[Exercise material Boundary: Start]
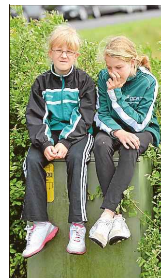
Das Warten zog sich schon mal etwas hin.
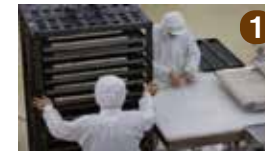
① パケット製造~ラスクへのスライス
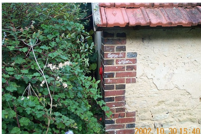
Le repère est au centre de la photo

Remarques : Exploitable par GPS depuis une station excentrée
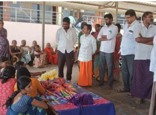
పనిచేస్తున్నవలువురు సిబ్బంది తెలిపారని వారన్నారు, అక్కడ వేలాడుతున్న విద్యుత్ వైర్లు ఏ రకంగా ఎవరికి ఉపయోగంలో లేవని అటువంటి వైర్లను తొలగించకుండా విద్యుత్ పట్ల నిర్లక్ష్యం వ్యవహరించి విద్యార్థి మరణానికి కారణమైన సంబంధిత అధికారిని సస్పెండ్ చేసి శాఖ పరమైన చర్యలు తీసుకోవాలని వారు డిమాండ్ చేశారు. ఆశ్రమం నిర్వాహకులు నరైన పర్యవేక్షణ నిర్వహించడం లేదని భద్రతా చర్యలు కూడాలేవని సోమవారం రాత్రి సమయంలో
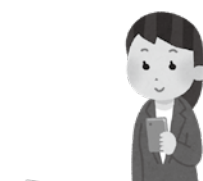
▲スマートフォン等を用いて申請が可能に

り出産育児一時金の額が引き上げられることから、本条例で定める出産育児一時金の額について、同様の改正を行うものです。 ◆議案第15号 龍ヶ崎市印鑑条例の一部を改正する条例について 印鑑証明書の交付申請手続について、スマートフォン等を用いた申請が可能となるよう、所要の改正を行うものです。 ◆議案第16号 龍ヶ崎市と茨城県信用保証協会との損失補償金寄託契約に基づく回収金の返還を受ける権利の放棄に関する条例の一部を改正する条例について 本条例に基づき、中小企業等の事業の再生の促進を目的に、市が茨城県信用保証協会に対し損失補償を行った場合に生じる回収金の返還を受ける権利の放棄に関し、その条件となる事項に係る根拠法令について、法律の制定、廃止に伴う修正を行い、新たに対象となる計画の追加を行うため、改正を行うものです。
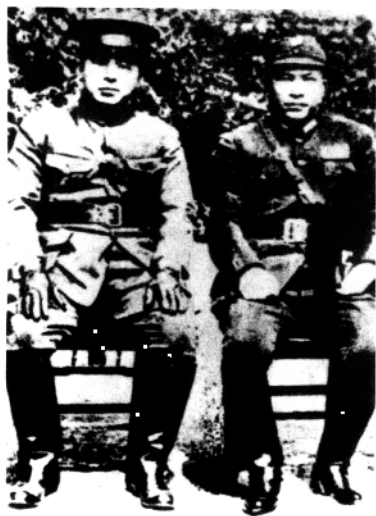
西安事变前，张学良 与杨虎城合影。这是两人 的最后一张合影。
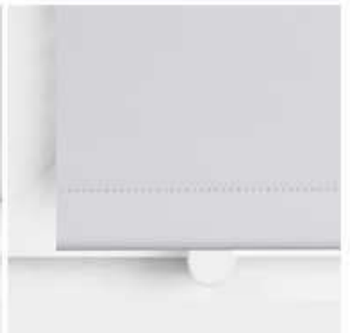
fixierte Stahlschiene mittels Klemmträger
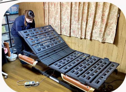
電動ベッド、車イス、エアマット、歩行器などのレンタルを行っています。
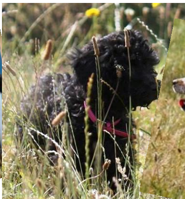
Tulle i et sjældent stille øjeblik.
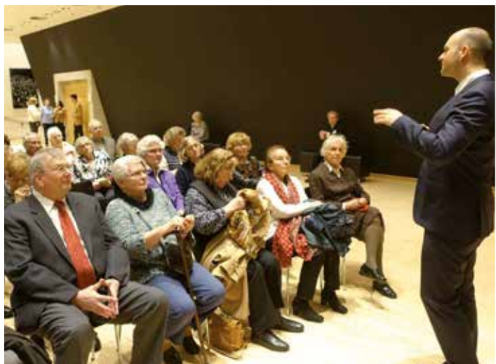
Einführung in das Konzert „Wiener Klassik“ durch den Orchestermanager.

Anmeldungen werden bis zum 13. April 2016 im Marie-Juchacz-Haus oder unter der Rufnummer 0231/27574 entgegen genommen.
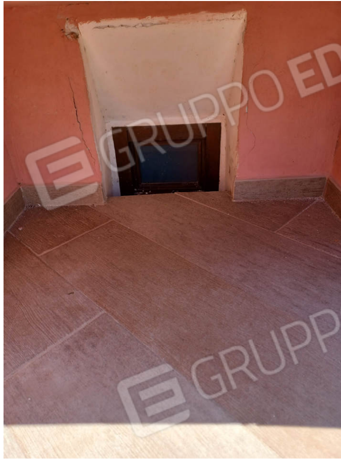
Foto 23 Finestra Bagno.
[Exercise material Boundary: End]
-- Activity --
The answer is the entries above, given again exactly, with no pictures among them.

-- Response to the task --
Das Warten zog sich schon mal etwas hin.
① パケット製造~ラスクへのスライス
Le repère est au centre de la photo

Remarques : Exploitable par GPS depuis une station excentrée
పనిచేస్తున్నవలువురు సిబ్బంది తెలిపారని వారన్నారు, అక్కడ వేలాడుతున్న విద్యుత్ వైర్లు ఏ రకంగా ఎవరికి ఉపయోగంలో లేవని అటువంటి వైర్లను తొలగించకుండా విద్యుత్ పట్ల నిర్లక్ష్యం వ్యవహరించి విద్యార్థి మరణానికి కారణమైన సంబంధిత అధికారిని సస్పెండ్ చేసి శాఖ పరమైన చర్యలు తీసుకోవాలని వారు డిమాండ్ చేశారు. ఆశ్రమం నిర్వాహకులు నరైన పర్యవేక్షణ నిర్వహించడం లేదని భద్రతా చర్యలు కూడాలేవని సోమవారం రాత్రి సమయంలో
▲スマートフォン等を用いて申請が可能に

り出産育児一時金の額が引き上げられることから、本条例で定める出産育児一時金の額について、同様の改正を行うものです。 ◆議案第15号 龍ヶ崎市印鑑条例の一部を改正する条例について 印鑑証明書の交付申請手続について、スマートフォン等を用いた申請が可能となるよう、所要の改正を行うものです。 ◆議案第16号 龍ヶ崎市と茨城県信用保証協会との損失補償金寄託契約に基づく回収金の返還を受ける権利の放棄に関する条例の一部を改正する条例について 本条例に基づき、中小企業等の事業の再生の促進を目的に、市が茨城県信用保証協会に対し損失補償を行った場合に生じる回収金の返還を受ける権利の放棄に関し、その条件となる事項に係る根拠法令について、法律の制定、廃止に伴う修正を行い、新たに対象となる計画の追加を行うため、改正を行うものです。
西安事变前，张学良 与杨虎城合影。这是两人 的最后一张合影。
fixierte Stahlschiene mittels Klemmträger
電動ベッド、車イス、エアマット、歩行器などのレンタルを行っています。
Tulle i et sjældent stille øjeblik.
Einführung in das Konzert „Wiener Klassik“ durch den Orchestermanager.

Anmeldungen werden bis zum 13. April 2016 im Marie-Juchacz-Haus oder unter der Rufnummer 0231/27574 entgegen genommen.
Foto 23 Finestra Bagno.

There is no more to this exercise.